Referenced from: pull request https://github.com/spring-projects/spring-integration/pull/1493

2 votes, 10 watchers

[spring-operator]

Artem Bilan commented

It was the first strategy. The second strategy is: to produce some custom header element inside header-enricher like correlation-id or reply-channel with some attribute fromSecurityContextHolder=true/false. Plus other abilities for header-enricher.

[spring-operator]

Gary Russell commented

Further to the conversation on #7009, there is clearly interest in propagating the security context in SI apps that use async handoffs. But, as Artem pointed out on the other JIRA, there could be undesirable side-effects of doing it unconditionally in the framework.

Therefore it would need to use an "opt-in" policy - such as an attribute on the \ and/or \ element of the channel.

There are other things to consider too...

1. The propagated context should probably be a clone of the original context rather than a reference - otherwise if it's mutated the results on the "other" thread would be indeterminate.
2. We'd need a mechanism to reliably clear the context on the 'new' thread, if it was set by propagation - perhaps using the ErrorHandlingTaskExecutor that wraps SI executors.
3. ...

I added Rob to the watch list in case he has any pearls of wisdom to add.

[spring-operator]

Mark Fisher commented

I added Luke as a watcher also since he and I discussed this way back in 2008, and at that time he raised enough issues to scare me from going down this path at all.

[spring-operator]

Rob Winch commented

I spoke with Gary a bit offline and it appears this is already being looked into, but one option might be to try to leverage the Async support that will be available in Spring Security 3.2. For those not familiar, please refer to the blog post about the support introduced in Spring Security 3.2 M1.

[spring-operator]

Damien Hollis commented

Has there been any progress on this issue? We are using spring integration in our project and we are keen to have security propagated across async calls - in our particular case we are using jms channels, so specific support for that use case would be appreciated. I'm happy to contribute (depending on how much work is involved) if somebody wants to point me in the right direction.

[spring-operator]

Artem Bilan commented

Hi, Damien!

Thank you for attention to this.

We still decide to keep out of this implementation in the framework.

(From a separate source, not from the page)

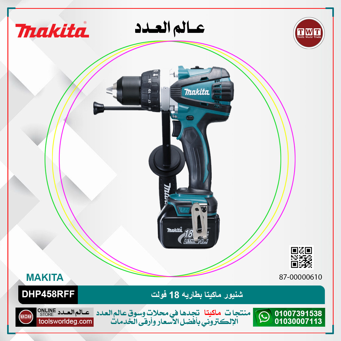 شنيور ماكيتا بطاريه 18 فولت موديل – MAKITA DHP458RFF

What is a problem to use in your case suggested workaround in face of <channel-interceptor>?

[spring-operator]

Damien Hollis commented

Hi Artem,

The problem with \ is that I can setup the SecurityContext in postReceive but there is no opportunity to clean it up when the Message has been processed. This isn't the end of the world but I don't like the idea of leaving a SecurityContext bound to a ThreadLocal in case the thread gets used for some other processing that shouldn't have access to the SecurityContext.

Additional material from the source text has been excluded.